Die SV Elversberg startete mit zwei Unentschieden in die neue Saison der 2. Fußball-Bundesliga. Horst Steffen ist aber dennoch zufrieden.

„Meine Mannschaft braucht noch ein bisschen Zeit“, sagte Cheftrainer Horst Steffen bei den Kollegen des Kicker und strahlt damit die Ruhe aus, die es nach zwei sieglosen Partien zum Auftakt gegen Magdeburg und Köln bei der SVE auch geben darf. Zumal gegen die Kölner sogar ein Rückstand gedreht wurde: „Gegen Köln einen Rückstand zu drehen, das ist schon aller Ehren wert“, sagte Horst Steffen. Mit einem Punkt gegen einen der Topfavoriten der Liga könne die SVE glücklich sein. Steffen sieht seine Mannschaft noch lange nicht am Maximum angekommen. „Wir hatten in beiden Spielen Phasen, in denen es ganz ordentlich lief und Phasen, in denen es nicht so lief, wie ich es mir wünsche. Das hat sicherlich damit zu tun, dass der ein oder andere noch nicht im Vollbesitz seiner Kräfte ist“, sagte der Coach auf der Pressekonferenz nach dem Spiel. Er stellte auch noch weitere Neuzugänge in Aussicht und bat um Geduld: „Es braucht noch ein bisschen Zeit, bis die Abläufe klar und wir eingespielt sind.“ Bis dahin sei er froh über jeden Punkt, den die SVE hole. Jeweils ein Remis gegen Köln und Magdeburg seien eine gute Ausbeute: „Und wir können uns noch weiterentwickeln. Wir haben noch gewaltig Potenzial nach oben.“ Die Leistungsexplosion der zweiten Halbzeit gegen Köln legte das offen: Während in der ersten Halbzeit nur Köln spielte und die SVE auch dank ihres Torhüters Nicolas Kristof noch im Spiel war, so drehte sich das Blatt in der zweiten Halbzeit komplett. Die SVE wirkte spielfreudig, ließ den Kölnern keine Ruhe und spielte nicht nur wegen der Einwechselspieler wie ausgewechselt. Ein Beleg dafür, was diese Mannschaft leisten kann, wenn ein Rädchen in das andere greift.
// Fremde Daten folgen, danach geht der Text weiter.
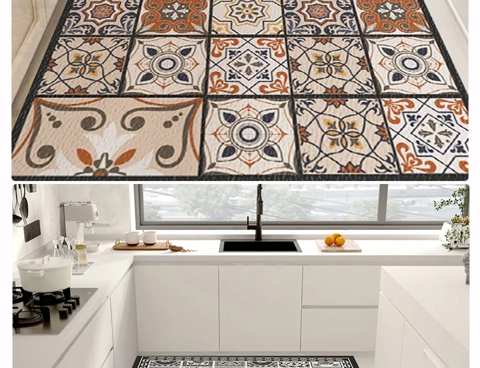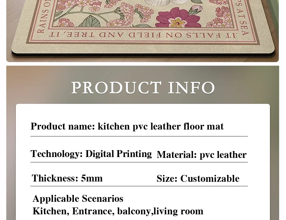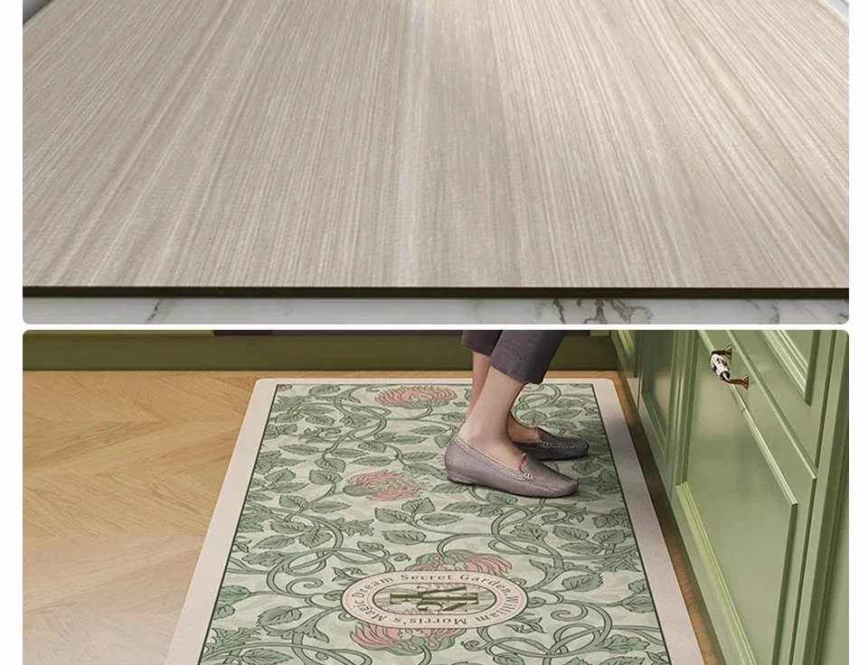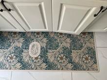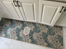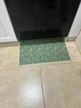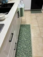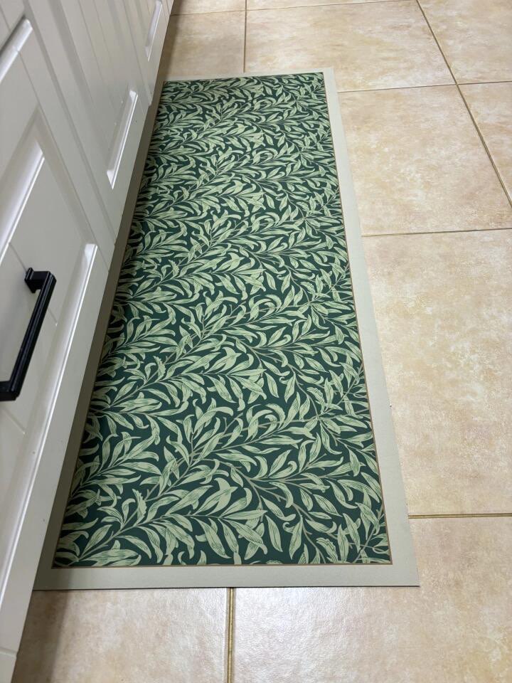 The green pattern is beautiful, and the size is perfect; it fits just right in the kitchen. It's waterproof and oil-proof, and very easy to clean. My mom loves this rug.

Im nächsten Schritt muss Horst Steffen sich mit seinem Trainerteam nun darum kümmern, diese Leistung über 90 Minuten an den Tag zu legen. Sowohl Neuzugänge als auch mehr gemeinsame Spielzeit sollten dabei helfen. Deshalb kommt auch der DFB-Pokal zur rechten Zeit – um weiter an den Automatismen zu arbeiten.

Als nächstes muss Elversberg nämlich im DFB-Pokal gegen den VfV 06 Hildesheim ran. Dort ist der Zweitligist der klare Favorit: „Dementsprechend ist es eine andere Situation für uns. Wir wollen uns von Woche zu Woche steigern. Wir sind noch nicht am Limit, sodass wir auch in Hildesheim weitere Schritte machen können“, sagte Steffen. Gegen den Oberligisten ist ein Sieg Pflicht. Es wäre das sechste Mal in der Vereinsgeschichte, dass die Saarländer die zweite Runde des DFB-Pokals erreichen. Mit der nötigen Ernsthaftigkeit kann dieses Spiel beides sein: ein weiterer Schritt in Richtung volles Potential und der Schritt in die nächste Runde des Pokals. Beides würden Mannschaft und Trainer gerne sehen – und die Fans sowieso. Nach dem Pokal geht es für die SVE dann in der Liga mit einem Spiel beim Karlsruher SC weiter. Eingespielter und schon einen Schritt näher am Maximum.